One of the things I’ve noticed over the years I’ve taught is the declining ability/desire of students to plan, draft, write, and edit their work.

I could take the easy road and blame this on laziness, and while I believe this to be partially true, I don’t think it’s the real reason for this phenomenon.

The computer is to blame for this.

When I was a beginning writing student, I had paper and pencils. The act of writing a composition consisted of working on sheets of paper, jotting down one’s ideas, using arrows and asterisks and numerous revisions to get the work to a point that it was safe to write a final copy—you know, the one the teacher would grade for content and neatness.

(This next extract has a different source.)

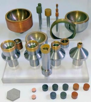АЛМАЗДУУ АСПАПТАР‒ кесүүчү бөлүгү табигый же синтетикалык алмаздан жасалган жабдыктар. Ага жылмалоочу чарык, өгөө, алмаздуу кескич, кайрактуу (абразивдүү) аспаптарды курчута турган калем жана чыгырык (ролик), бургулоо аспаптары кирет. Аларды жасоодо күкүм же кристалл түрүндөгү алмаздар пайдаланылат. Колдонулушуна жараша алмаз күкүмдөрү органикалык ийилгич (резиналык), металл жана башка байланыштыргычтары менен бириктирилет. Мында 100%түү кошулманын 1 мм3 катмарында 0,878 мг алмаз болот. Алар менен катуу куймалар, түрдүү конструкциялык (кварц айнеги, карапа жана башкалар) жана курулуш материалдары (бетон, мрамор, гранит) иштетилет.

Later, when my mother brought her old typewriter home from the office, the process was similar; however, the final copy was painstakingly hunt-n-peck typed, and inevitably, one or more pages would need to be retyped after a missed key or a missed mark of punctuation or the realization that the bottom line of the text was below the one-inch margin on the page. After one or two miscues, a person learned how to focus on the task at hand.

After liquid white-out came to be, making an error was not lethal, but it was still rough: moving the bad text up, whiting the mistake out, and moving the text back down worked only some of the time. With the advent of the electric, self-correcting typewriter—a machine that could miraculously backspace, eradicate an error, and retype the correct word or phrase—life became much easier.

But the process of writing still had to be undertaken. One had to lay plans before typing. No student in her right mind would sit down at a typewriter, think to herself that she’s got four hours to get her paper done, and begin banging away on the keyboard.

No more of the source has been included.